In preparing to write this blog, I look at the posts in the various related Facebook groups I belong to. It always makes me uncomfortable. The posts at the Childless Stepmothers group burn with anger. The stepmoms seem to hate their stepchildren as well as the kids’ biological mothers. They resent the fact that they have to take care of these “brats” while they don’t get to have their own kids. Although my own relationship with my stepchildren has not always been smooth, I am always aware that by giving me a chance to interact with his kids, my husband gave me a family. It’s an opportunity to be a mother in some ways. I am lucky that the kids’ mom is a great person, and we all get along. It doesn’t always work out that way.
At the Being Fruitful Without Multiplying group, the overriding theme seems to be that people who have babies are idiots. Not smart enough to use birth control. Look how pregnancy ruins your body. Look how it ruins your life. How dare these breeders make us share our world with their “spawn?” And how could a doctor refuse to sterilize a person in his or her 20s, saying they’re “too young?”

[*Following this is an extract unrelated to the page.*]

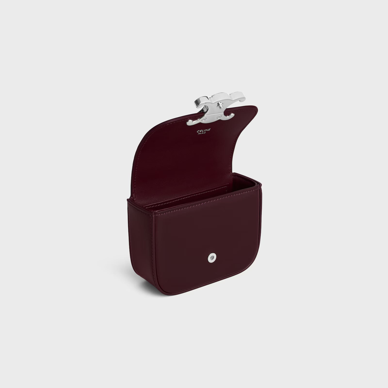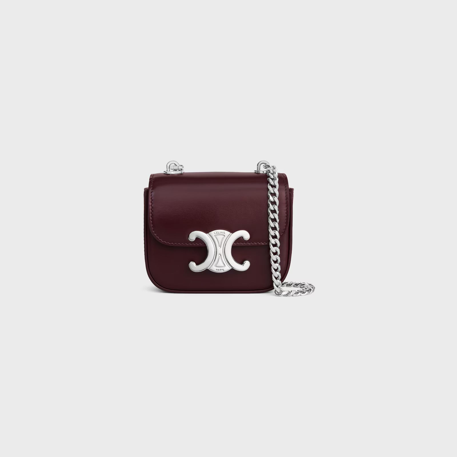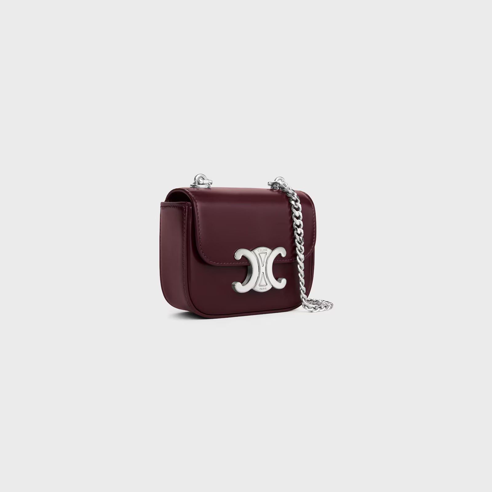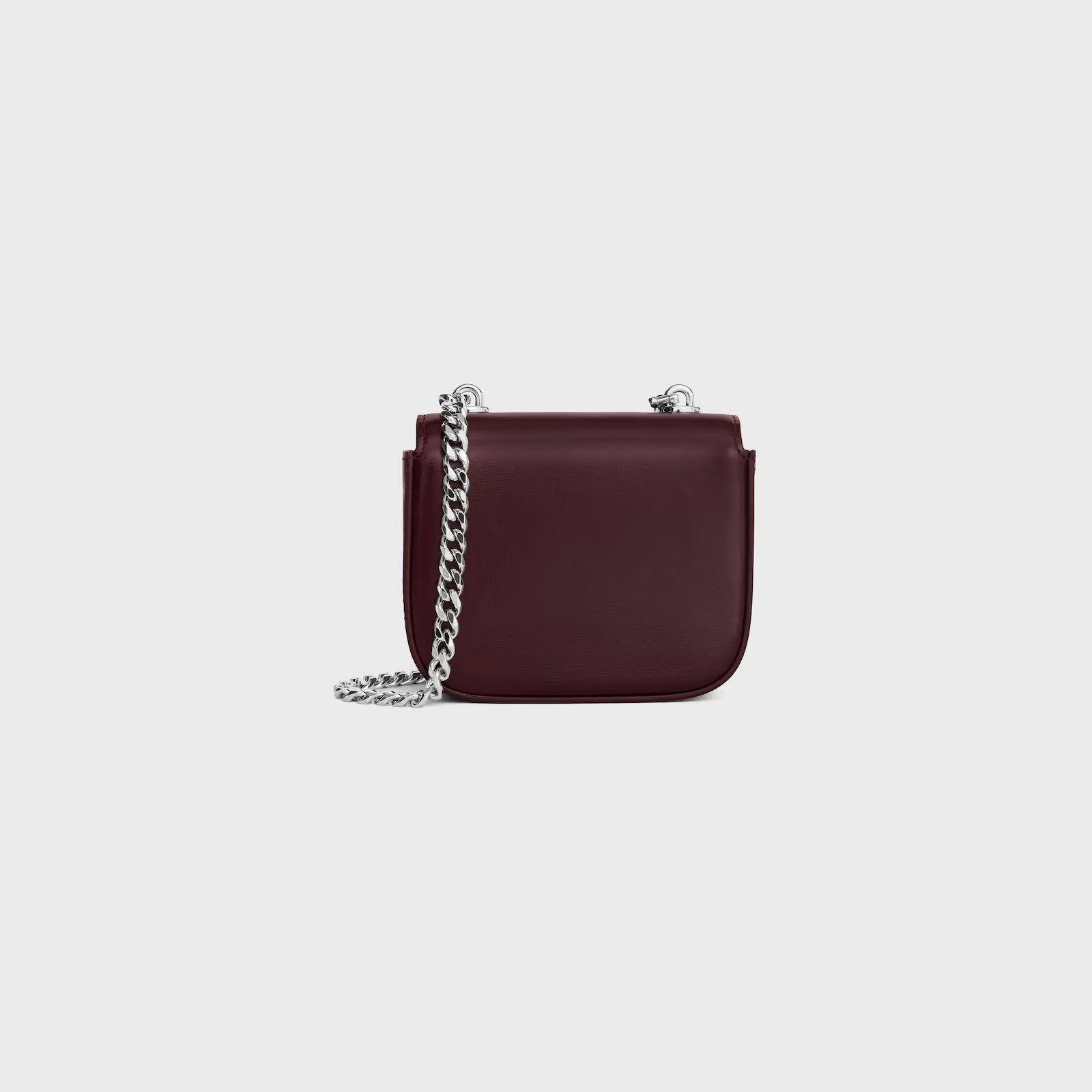 This exquisite mini bag features a rich burgundy leather exterior with distinctive silver-toned Celine hardware that serves as both a striking focal point and secure closure. The sleek chain strap allows for versatile wear as a crossbody or shoulder bag, making it perfect for transitioning from day to evening.

At Childless Not by Choice, the grief fills my computer monitor with tears. Some members are childless because their partner can’t or doesn’t want to have kids, some don’t have partners, and some have struggled with infertility, including multiple miscarriages, stillbirths and failed attempts to get pregnant.They’d give anything to have children.
I feel most comfortable with the Childless Not by Choice group, but it’s not easy to face all this sadness.
In real life, too, it’s hard to fit in sometimes. At my new dentist’s office last week, the dental assistant went on and on about her children and grandchildren—as well as her husband. She didn’t ask if I was married or had children, and I couldn’t tell her because of the sharp instruments in my mouth.
At lunch last Sunday after church, I sat with four friends, all mothers, three of them grandmothers, as they passed around baby pictures and talked about their families. I love these women, but I felt like a papaya at a table full of apples. I sipped my iced tea and hoped our food would arrive soon.
I have other friends I meet at writing workshops and other events who are militantly childfree. If I say anything about kids, they proclaim that they never wanted them, thank God they don’t have them. They shudder at the thought of being mothers while I quietly hope the program will start soon.
It’s a crazy time. In my mother’s generation, everybody had children if they were physically able to do so. They were all happy apples. Now, with so many choices, it’s one big mixed-up fruit cocktail.
What are your experiences dealing with the moms and non-moms? Please share in the comments.